I intentionally did not watch or listen to Tiger Wood’s ‘appearance’ the other day. I ignored it because I do think he needs to be all about apology, but not to me (or to you for that matter).

Then, the other day on the way to church I heard a radio commentator talking about how Tiger said he felt ‘entitled’ to do whatever he wanted to do. Wealth and fame justified (to him) his behavior.

Use of this word piqued my ire.

Entitled: verb, to give (a person or thing) a title, right, or claim to something; furnish with grounds for laying claim: His executive position entitled him to certain courtesies rarely accorded others. (Webster).

Tiger said, to the effect, that his wealth and fame ‘entitled’ him to do what he wanted.
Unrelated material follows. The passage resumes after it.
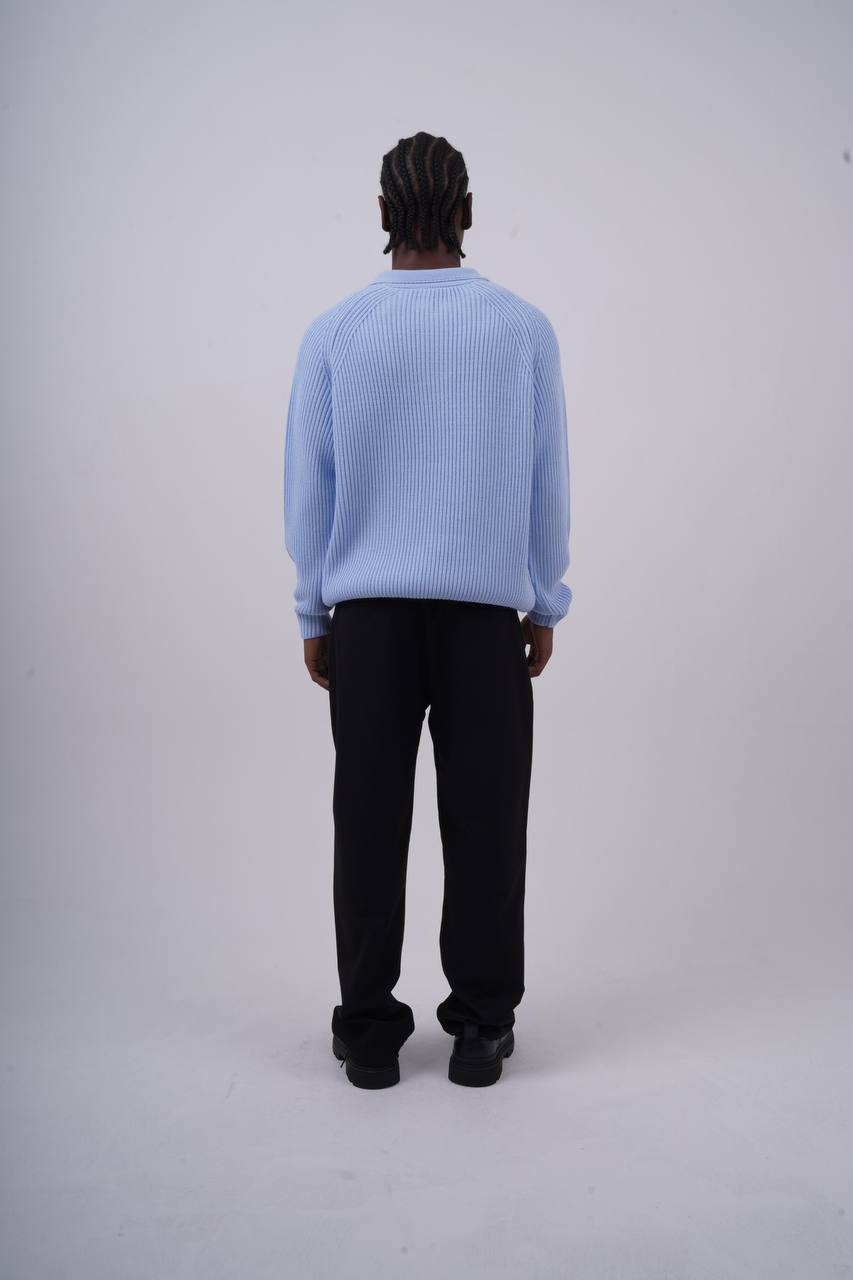 Ribbed Knit Half-Zip Sweater ‐ Light Blue / XL

Some of you may remember that there has been a great deal of talk in politics lately about entitlements.  In that case, it is most often referring to services and payments which people may be eligible for.  The most important examples of entitlement programs at the federal level in the United States would include Social Security, Medicare, and Medicaid, most Veterans’ Administration programs, federal employee and military retirement plans, unemployment compensation, food stamps, and agricultural price support programs.   Most of the talk has been about a reduction in ‘entitlements.’

Specifically, there has been a lot of talk about reducing the ‘entitlements’ which the poor receive.  The basis of this talk has been the cost of such programs.  What is not discussed, openly, is the prevalence of a culture of entitlement that exists, not with the poor, but with the wealthy.

One colleague argues that this culture exists with white, upper class, males.  The only thing that seems to keep us in line is some sense of moral boundaries.  But I ask you where they are, or where they have gone?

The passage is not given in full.